Decline starts the day we are born, but evidence isn’t visible until you reach your late thirties. That’s when you begin to see annoying facial changes: puffiness under the eyes; skin texture becomes more coarse and lax; fine lines appear; jawline isn’t as firm as it once was. Much of it reflects how we have been living, although we refuse to believe that simple fact.
Back in the 50s and 60s, I recall the mantra of young, soon-to-be boomers: “We will never get old” they chanted, partying and drinking themselves into a stupor. Another chant was “We live for today,” and indeed they did. Today, they are fat, ailing, and just plain old. They paid the price for youthful arrogant ignorance and lack of foresight.
Is the passage of time the culprit? The passage of time has no power to do anything except keep track of events in our lives. The decline reflects how we live and have lived and begins in earnest the day we decide to retire and start a life of leisure. Here are some significant snares:
- Most of us don’t understand the value of making lifestyle changes early on to keep what we have.

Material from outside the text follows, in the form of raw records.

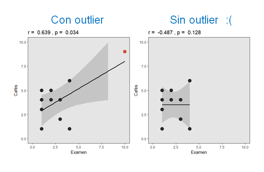 Aprovechando que el otro día estuvimos hablando de las correlaciones, vamos a poner otro ejemplo del peligro de los outliers, quizá más práctico para quien esté trabajando con datos reales. Imaginad que estamos haciendo un estudio sobre el efecto de la cafeína en el rendimiento académico. Así que hemos reunido una muestra de estudiantes a los que hemos preguntado cuántos cafés toman durante la semana, y hemos calculado la correlación de ese número de cafés con la nota de un examen de matemáticas. …Pero resulta que el examen era bastante difícil (casi todo el mundo ha suspendido). Sin embargo, hay una persona que ha sacado un 10. Al ser una nota muy distinta a la del resto de la clase, podemos considerarla una observación extrema, o un outlier.
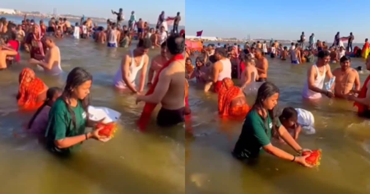वीडियो में हम देखते हैं कि गंगाजी के एक घाट पर कुछ भीड़ है. बहुत से लोग डुबकी लगाने पहुंचे हैं. एक लड़की भी नारियल और कपड़ा लेकर गंगाजी को अर्पित करने घाट के पानी में उतरती है. उसके आगे एक महिला एकसफेद रंग का बोरा घसीटते हुए पानी में बढ़ रही होती है. वहीं यह लड़की भी खुद को सम्भालते हुए आगे बढ़ती है और एक बारतो उसी महिला को पकड़ भी लेती है.
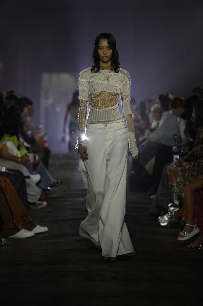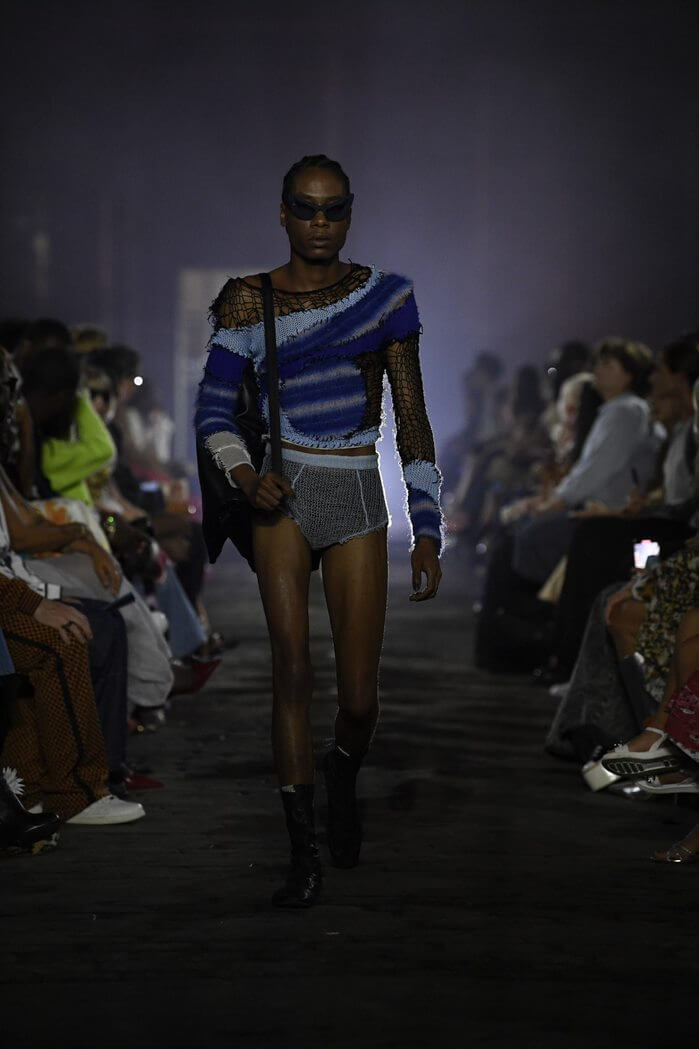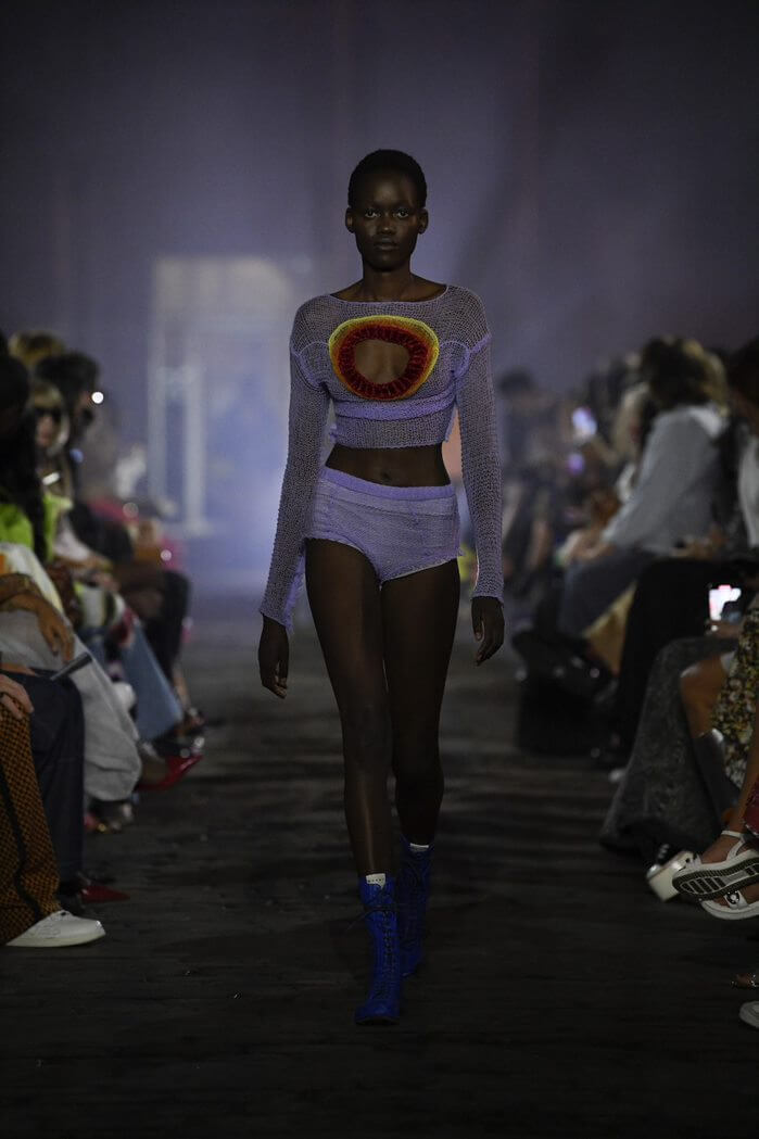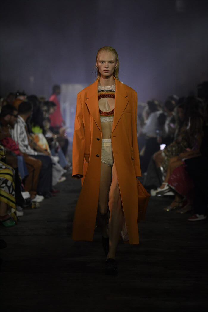另外,今季推出了更多不同質地的拼接:織、串珠、拼布、鏡面也出現在其中,而今季流行的 CROP TOP和背心亦包括其中,也體現了 MARNI 的古怪和俏皮精神。
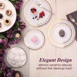 • Elegant Gold and White Design: These gold and white plastic plates feature a refined gold trim that mimics fine China, perfect for weddings, dinners, or plates for Christmas with gold trim themes

By age 30, youth is kissing you goodbye with this unspoken message: “Hey babe, I’m leaving. I’ve given you 30 beautiful years, and now it’s up to you to figure out how to keep what I’ve given you.” At age 30, you feel great and assume the “feel good” feeling will last forever. Knowing how and why you are changing at age 30 can exert awesome power over your aging process.
Establishing an exercise regimen early in life and sticking to it will keep you rockin’ and rollin’ as long as you live. Waiting until you are 60 to get into shape doesn’t usually work. If you have a muffin top waist as you head into your sixties, the odds are good that you will have it forever because as the body ages, it resists being pushed around. At age 60 the urge to sit is more compelling than the urge to move.
- We don’t work to keep what we have because of the seductive nature of youth.
If you understand that youth is a short-term loan, you are ahead of the aging game. Youth is the ultimate con artist. You look in the mirror every day, and youth stares back at you, seemingly unchanged daily. You can’t help but think, “I’m doing great,” It is precisely then that women start to lose what they have. The deceptive and seductive nature of youth is simply conning them.
- We are unduly influenced by tradition and cultural norms. We unwittingly adopt or accept decline-oriented “senior” ideas and behaviors as early as age thirty.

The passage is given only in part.